Worse still, we found the Neeon suffers from chronic interface lag. It sometimes takes up to 4 seconds to change tracks or to update the LCD display, which can become extremely frustrating for users accustomed to "fast flipping" through their music collection. With a small music collection, this is relatively forgivable. However, with a larger selection, the lag can become irritating in the extreme. Combine this with the relatively small 3 line LCD display, which frustrates easy browsing, and it can make for a case of navigation frustration.
We also experienced problems with the FM tuner. The included "autoscan" feature would not work correctly, frequently presetting non-existent stations and skipping over other, valid ones. The default "tuning" behaviour of the jogwheel also made FM navigation difficult. On the upside, once working correctly, the FM recording feature is very useful.
The Zen Neeon ships with Creative's MediaSource and Zen MediaExplorer, for managing your music collection and the player respectively. Mediasource is a creditable music manager, with a fairly clean interface and basic CDripping capabilities. The Zen MediaExplorer provides an explorer-like interface to the Zen, and allows you to perform basic tasks such as creating playlists, formatting the player and ripping Cds directly to the Neeon. It also incorporates a feature called "Smartfit", that will automatically re-encode music to a smaller, lower quality file to ensure all your music will fit on your Player.

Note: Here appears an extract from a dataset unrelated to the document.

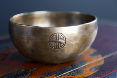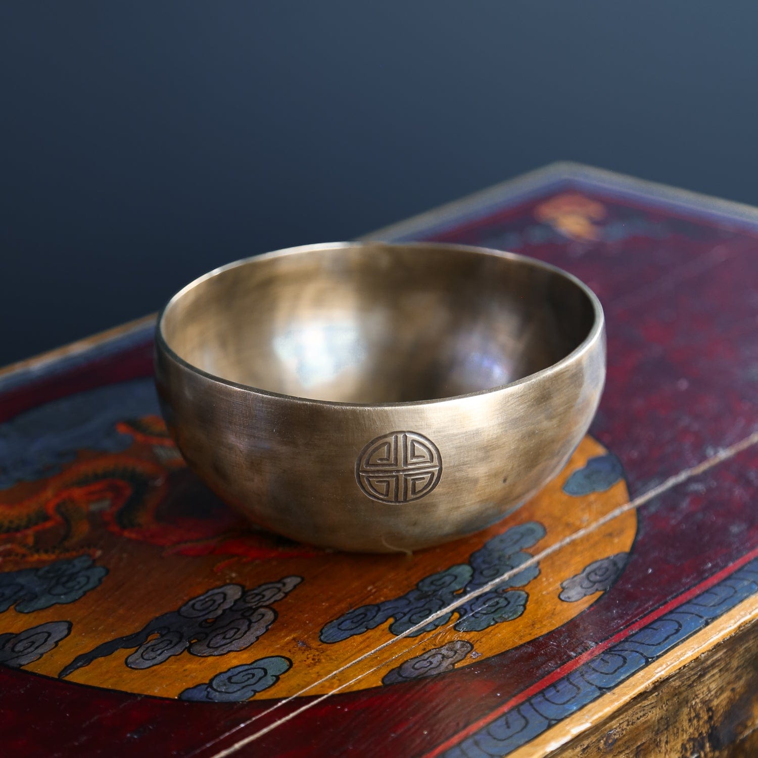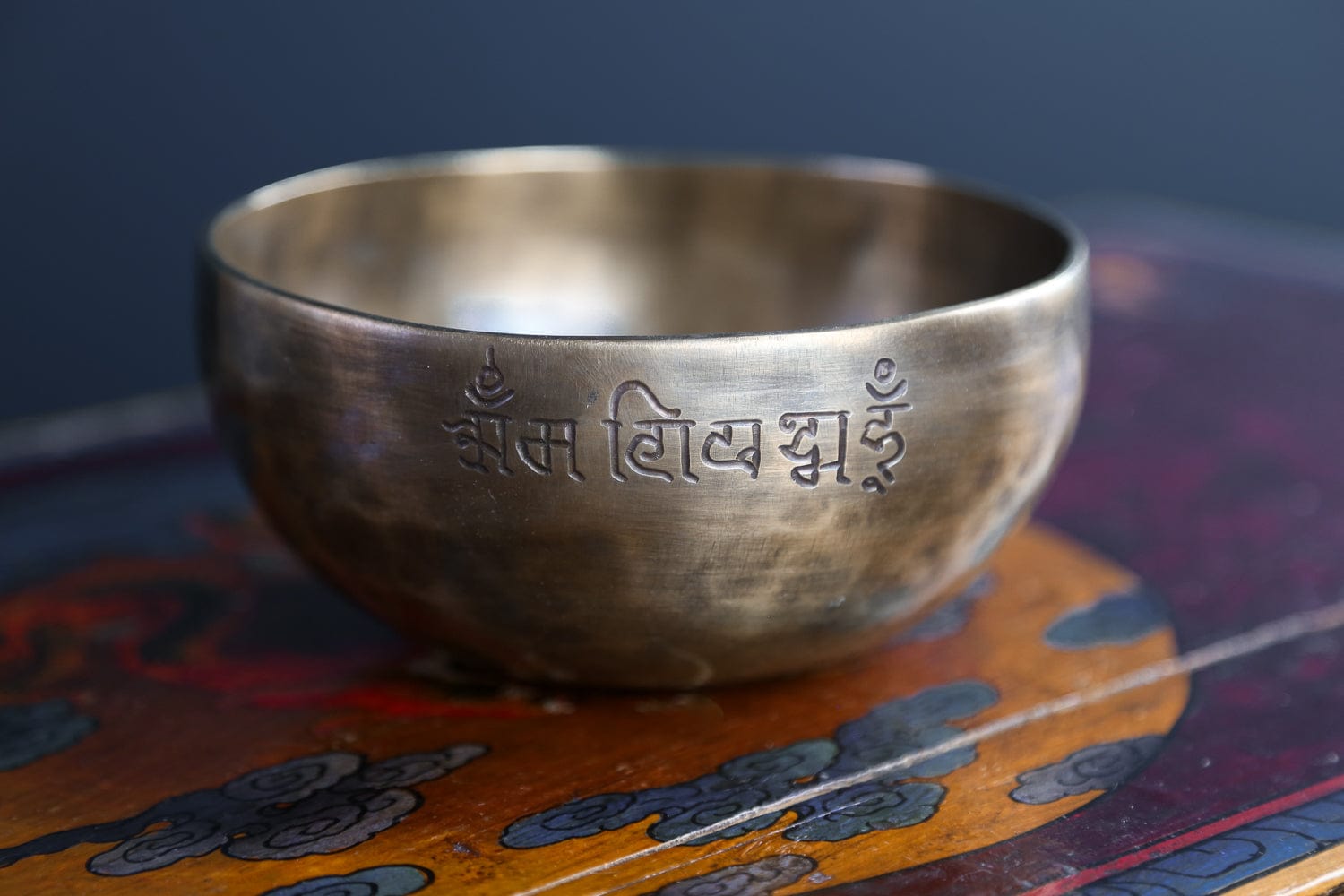 Each bowl features gorgeous hand carved details including an exclusive full moon singing bowl stamp and the mantra of compassion in Tibetan script.

Finally, the Stik-OnTM covers are a novelty worth mentioning. Whilst the player looks very attractive in its' naked state, the ability to change the look of the Neeon is nice bonus feature. The cover was relatively easy to put on, and can be peeled off and re-used up to 100 times. Unfortunately, it is hard to avoid small bubbles forming underneath the stick-on. Whilst Creative suggests removing them with a plastic card, it seems some bubbles are unavoidable.